For firms’ management, widely if not across the board, to have responded with historically drastic measures one short quarter later is, to me, nothing short of surprising. Management deserves more credit than it may have gotten.

As an industry, we did respond with alacrity. Kudos where kudos are due.


Now, two last thoughts.

First, the human toll of layoffs.

Putting aside partners who were overdue to be “spoken to,” non-equity partners who were in place only because of a cowardly preference by their practice group leaders for avoiding awkward conversations, associates who long since “checked out” psychologically and in terms of commitment, and staff who might have come to view their jobs as sinecures–all of whom needed to be excused for the health of the firm overall, and overdue much of it was–there are still the legions of people who were collateral damage. People who were doing their best, even if it wasn’t good enough. My heart goes out to them, and I’ve known more than a few.

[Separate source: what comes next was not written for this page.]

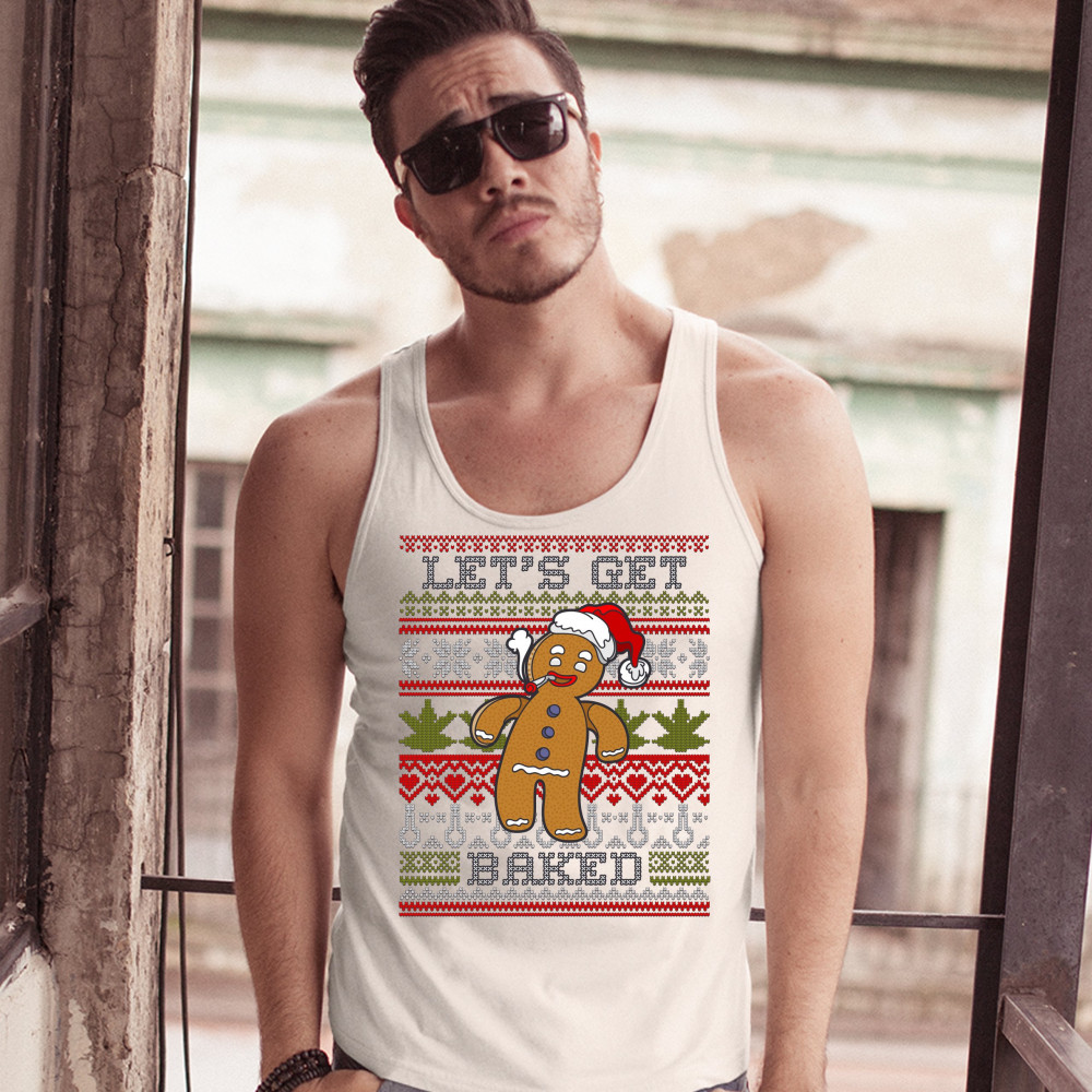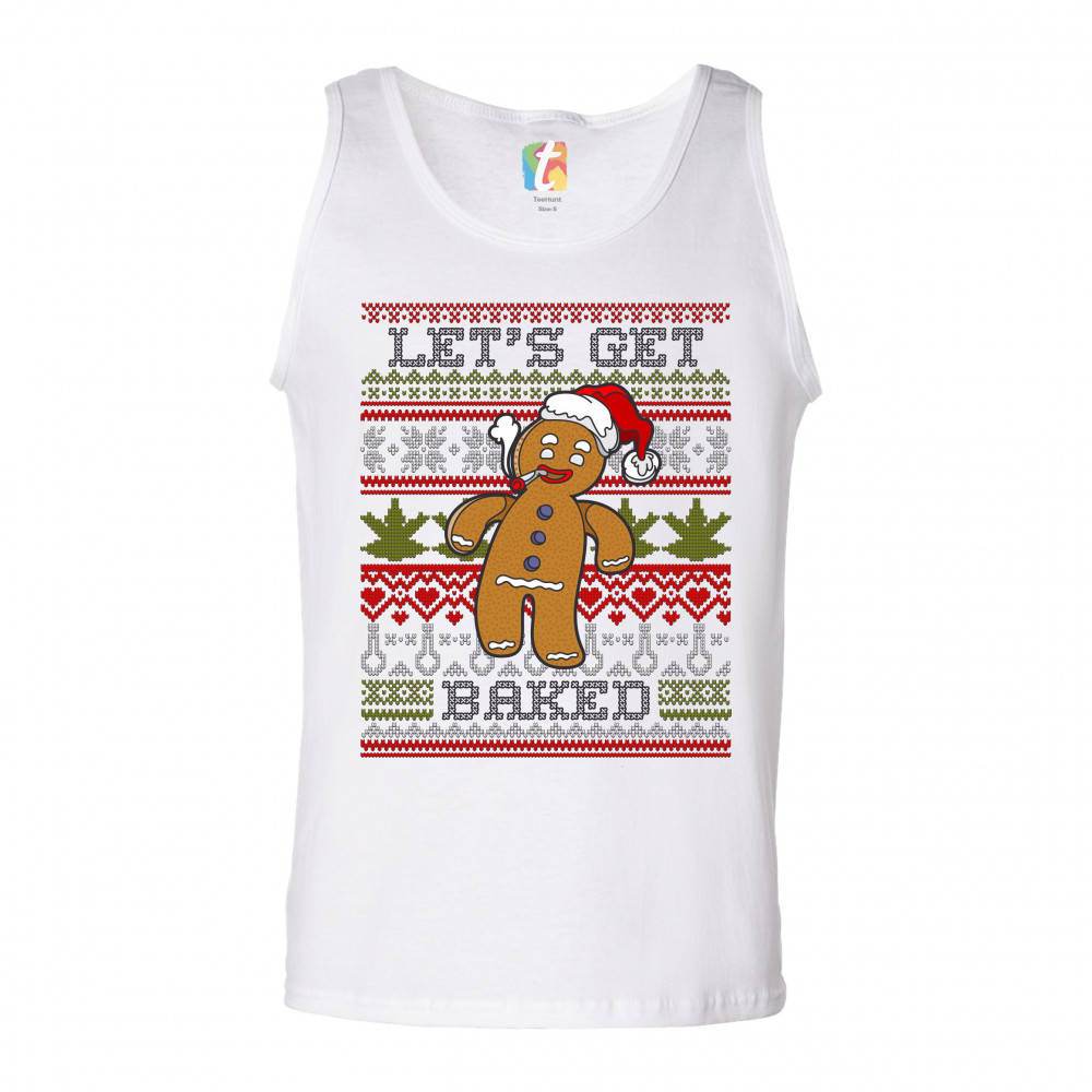 LET'S GET BAKED tank top ugly sweater gingerbread man 420 marijuana men's top white

But second, the Darwinian logic of the marketplace that compels firms to sustain PPP in the face of the most gruesome downturn in any of our careers is not cavalier and not selfish.

Why is PPP so important?

Because it is nothing less than the lifeblood, in today’s currency, of firms’ ability to compete for talent in the market. (Whether tomorrow could look different is a story for another day.)

If management allows PPP to take a serious hit in today’s hyper-mobile environment, they may find that all of a sudden there are fewer partners and no profits. Lights out. And that, of course, is when the collateral damage to the secretaries with 20 years’ service and a learning-disabled child at home hits you between the eyes.

Jack (“Neutron Jack”) Welch famously said that his 20/70/10 forced-ranking of stars, the solid bench, and the ankle weights who had to be cut off, was not inhumane. It was the only way to provide a healthy and ever-renewing organizational environment going forward in which the stars and the solid citizens would not be tethered to the subpar and the serving-time.

So looking ahead to 2010, take heart. By and large we did what we had to do at the start of 2009, and the numbers, which overall and in the long run don’t lie, are starting to report that story.